User: starksm
Date: 02/03/14 11:05:29
Modified: src/main/org/jboss/security SecurityAssociation.java
Log:
Add a Subject association
Revision Changes Path
1.10 +89 -7 jboss/src/main/org/jboss/security/SecurityAssociation.java
Index: SecurityAssociation.java
===================================================================
RCS file: /cvsroot/jboss/jboss/src/main/org/jboss/security/SecurityAssociation.java,v
retrieving revision 1.9
retrieving revision 1.10
diff -u -r1.9 -r1.10
--- SecurityAssociation.java 23 Feb 2002 04:12:10 -0000 1.9
+++ SecurityAssociation.java 14 Mar 2002 19:05:29 -0000 1.10
@@ -9,6 +9,7 @@
import java.security.Principal;
import java.util.ArrayList;
+import javax.security.auth.Subject;
/** The SecurityAssociation class maintains the security principal and
credentials. This can be done on either a singleton basis or a thread
@@ -32,27 +33,33 @@
@author Daniel O'Connor ([EMAIL PROTECTED])
@author [EMAIL PROTECTED]
-@version $Revision: 1.9 $
+@version $Revision: 1.10 $
*/
public final class SecurityAssociation
{
/** A flag indicating if security information is global or thread local */
private static boolean server;
- /** The SecurityAssociation principal used when the server flag if false */
+ /** The SecurityAssociation principal used when the server flag is false */
private static Principal principal;
- /** The SecurityAssociation credential used when the server flag if false */
+ /** The SecurityAssociation credential used when the server flag is false */
private static Object credential;
- /** The SecurityAssociation principal used when the server flag if true */
+ /** The SecurityAssociation Subject used when the server flag is false */
+ private static Subject subject;
+
+ /** The SecurityAssociation principal used when the server flag is true */
private static ThreadLocal threadPrincipal;
- /** The SecurityAssociation credential used when the server flag if true */
+ /** The SecurityAssociation credential used when the server flag is true */
private static ThreadLocal threadCredential;
+ /** The SecurityAssociation Subject used when the server flag is true */
+ private static ThreadLocal threadSubject;
+
/** Thread local stacks of run-as principal roles used to implement J2EE
run-as identity propagation */
private static RunAsThreadLocalStack threadRunAsStacks = new
RunAsThreadLocalStack();
- /** The permission required to access getPrincpal and getCredential */
+ /** The permission required to access getPrincpal, getCredential, getSubject */
private static final RuntimePermission getPrincipalInfoPermission =
new
RuntimePermission("org.jboss.security.SecurityAssociation.getPrincipalInfo");
- /** The permission required to access setPrincpal and setCredential */
+ /** The permission required to access setPrincpal, setCredential, setSubject */
private static final RuntimePermission setPrincipalInfoPermission =
new
RuntimePermission("org.jboss.security.SecurityAssociation.setPrincipalInfo");
/** The permission required to access setServer */
@@ -75,11 +82,13 @@
{
threadPrincipal = new ThreadLocal();
threadCredential = new ThreadLocal();
+ threadSubject = new ThreadLocal();
}
else
{
threadPrincipal = new InheritableThreadLocal();
threadCredential = new InheritableThreadLocal();
+ threadSubject = new InheritableThreadLocal();
}
}
@@ -129,6 +138,28 @@
return credential;
}
+ /** Get the current Subject information.
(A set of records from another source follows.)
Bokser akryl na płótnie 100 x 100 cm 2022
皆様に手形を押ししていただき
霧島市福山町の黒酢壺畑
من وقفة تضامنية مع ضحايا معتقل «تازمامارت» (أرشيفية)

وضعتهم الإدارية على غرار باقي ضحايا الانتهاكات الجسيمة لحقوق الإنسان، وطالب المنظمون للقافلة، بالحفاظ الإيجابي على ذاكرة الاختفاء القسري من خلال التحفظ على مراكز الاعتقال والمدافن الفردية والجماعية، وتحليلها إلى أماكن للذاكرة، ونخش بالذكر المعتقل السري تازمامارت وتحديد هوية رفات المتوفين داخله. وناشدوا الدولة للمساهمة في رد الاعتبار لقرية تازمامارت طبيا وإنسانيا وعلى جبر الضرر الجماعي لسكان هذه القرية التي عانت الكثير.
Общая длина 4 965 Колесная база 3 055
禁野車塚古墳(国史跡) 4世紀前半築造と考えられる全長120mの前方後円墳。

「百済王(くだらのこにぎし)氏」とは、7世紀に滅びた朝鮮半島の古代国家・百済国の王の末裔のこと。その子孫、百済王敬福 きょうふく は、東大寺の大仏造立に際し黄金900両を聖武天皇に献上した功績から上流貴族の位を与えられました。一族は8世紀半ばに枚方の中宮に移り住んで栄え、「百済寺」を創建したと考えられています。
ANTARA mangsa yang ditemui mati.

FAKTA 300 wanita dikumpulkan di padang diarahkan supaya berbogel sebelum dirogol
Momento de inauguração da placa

+ If a security manager is present, then this method calls the security
+ manager's <code>checkPermission</code> method with a
+ <code>
+ RuntimePermission("org.jboss.security.SecurityAssociation.getPrincipalInfo")
+ </code>
+ permission to ensure it's ok to access principal information.
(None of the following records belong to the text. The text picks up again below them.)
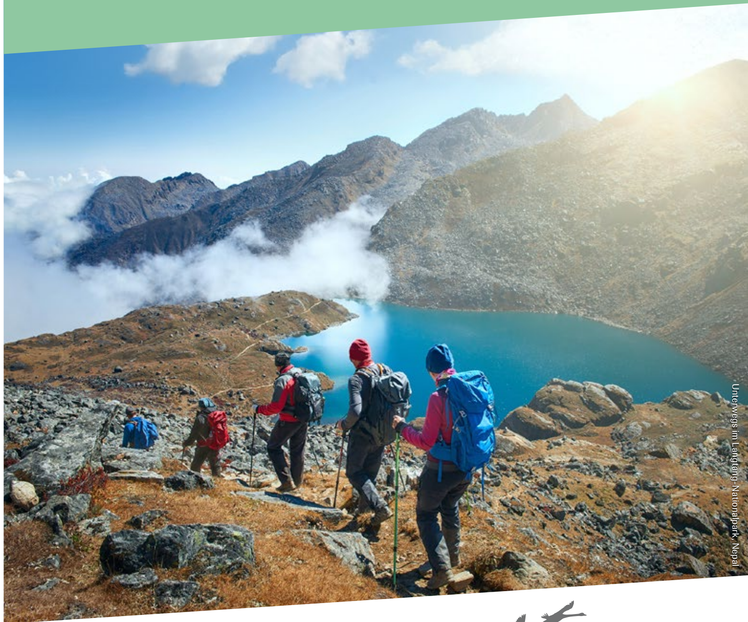
Unterwegs im Langtang-Nationalpark, Nepal
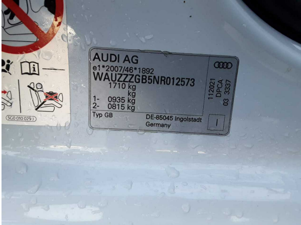
Abbildung 1: FIN
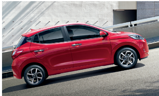
Hệ thống hỗ trợ khởi hành ngang dốc tích hợp với cân bằng điện tử
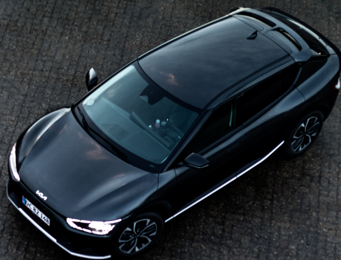
For bare 4.995,- kr. om måneden kan man nu privatlease en Kia EV6
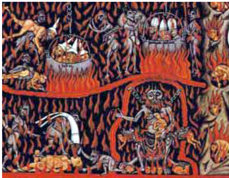
Darstellung der Hölle aus dem 12. Jahrhundert: Herrad von Landsberg, Hortus Deliciarum
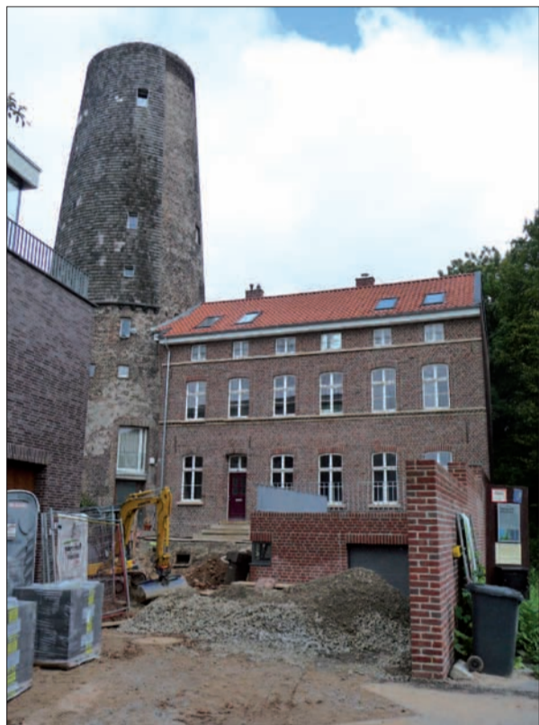
Der Mühlenturm mit saniertem östlichen Anbau und neuer, vorgebauter Garage heute.
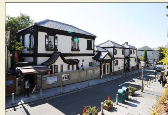
景観形成道路(北野通)
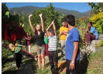
żywe konstrukcje >>> w zdrowym mieście zdrowi mieszkańcy!
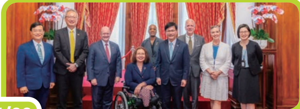
外交部長林佳龍歡迎美國聯邦眾議院外交委員會主席麥考爾跨黨派議員慶賀團訪台
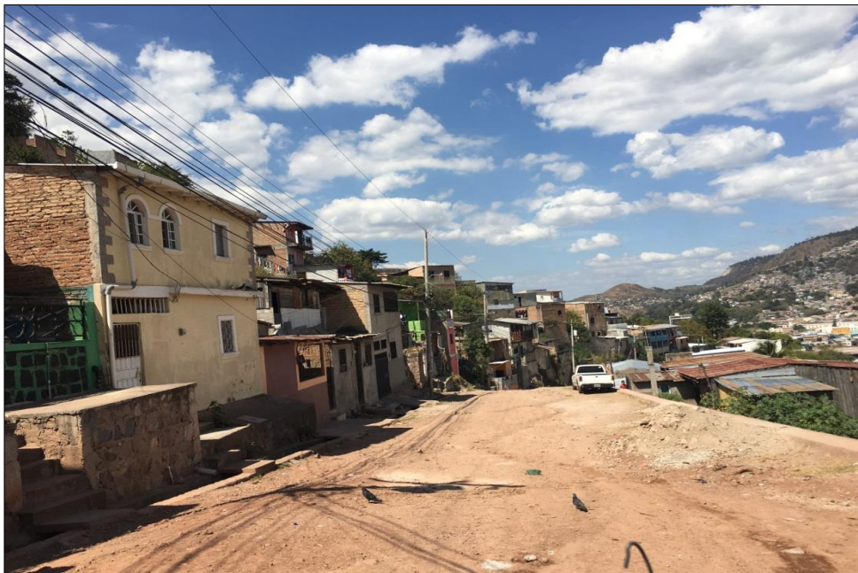
VISTA PANORÁMICA DE CALLE A PAVIMENTAR CON CONCRETO HIDRÁULICO
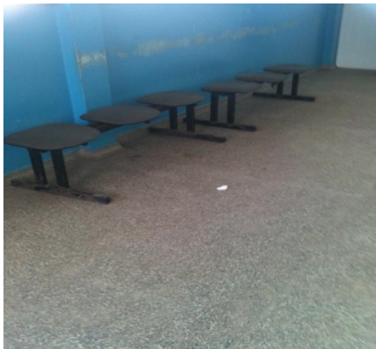
Figura 5 – Sala de espera para o atendimento de uma Unidade da ESF – Boa Vista/RR

O forro de uma das unidades básicas caiu, quase ferindo um funcionário que estava no local. Em época de chuva as salas ficam alagadas, devido ao grande número de telhas avariadas.
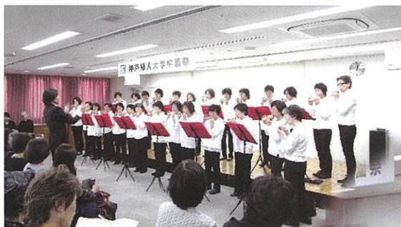
壮観のオカリナクラブの演奏
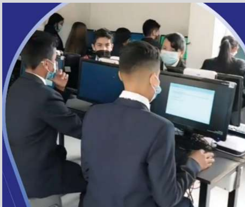
SALA DE SISTEMAS
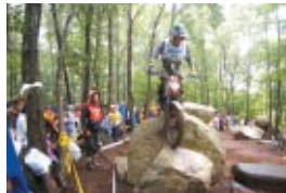
"Hello Woods Marsh" Zone ハローウッズの沢ゾーン Sections 7 8 9

今年より走行ルートが逆周りになった15のセクションを下図の通り配置し、お客さまにはハローウッズを中心としたコンパクトで歩きやすい観戦環境をお届けするとともに、ライダーには闘志をかきたてるチャレンジングなレイアウトを実現しました。
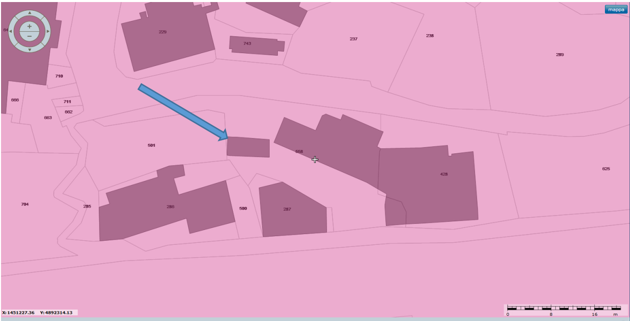
PDB GEOMORFOLOGICO MO-B

+ If not, a <code>SecurityException</code> will be thrown.
+ @return Subject, the current Subject identity.
+ */
+ public static Subject getSubject()
+ {
+ SecurityManager sm = System.getSecurityManager();
+ if( sm != null )
+ sm.checkPermission(getPrincipalInfoPermission);
+
+ if (server)
+ return (Subject) threadSubject.get();
+ else
+ return subject;
+ }
+
/** Set the current principal information.
If a security manager is present, then this method calls the security
manager's <code>checkPermission</code> method with a
@@ -174,6 +205,57 @@
threadCredential.set( credential );
else
SecurityAssociation.credential = credential;
+ }
+
+ /** Set the current Subject information.
+ If a security manager is present, then this method calls the security
+ manager's <code>checkPermission</code> method with a
+ <code>
+ RuntimePermission("org.jboss.security.SecurityAssociation.setPrincipalInfo")
+ </code>
+ permission to ensure it's ok to access principal information.
+ If not, a <code>SecurityException</code> will be thrown.
+ @param principal, the current principal identity.
+ */
+ public static void setSubject(Subject subject)
+ {
+ SecurityManager sm = System.getSecurityManager();
+ if( sm != null )
+ sm.checkPermission(setPrincipalInfoPermission);
+
+ if (server)
+ threadSubject.set( subject );
+ else
+ SecurityAssociation.subject = subject;
+ }
+
+ /** Clear all principal information.
+ If a security manager is present, then this method calls the security
+ manager's <code>checkPermission</code> method with a
+ <code>
+ RuntimePermission("org.jboss.security.SecurityAssociation.setPrincipalInfo")
+ </code>
+ permission to ensure it's ok to access principal information.
+ If not, a <code>SecurityException</code> will be thrown.
+ @param principal, the current principal identity.
+ */
+ public static void clear()
+ {
+ SecurityManager sm = System.getSecurityManager();
+ if( sm != null )
+ sm.checkPermission(setPrincipalInfoPermission);
+ if( server == true )
+ {
+ threadPrincipal.set(null);
+ threadCredential.set(null);
+ threadSubject.set(null);
+ }
+ else
+ {
+ SecurityAssociation.principal = null;
+ SecurityAssociation.credential = null;
+ SecurityAssociation.subject = null;
+ }
}
/** Push the current thread of control's run-as principal role.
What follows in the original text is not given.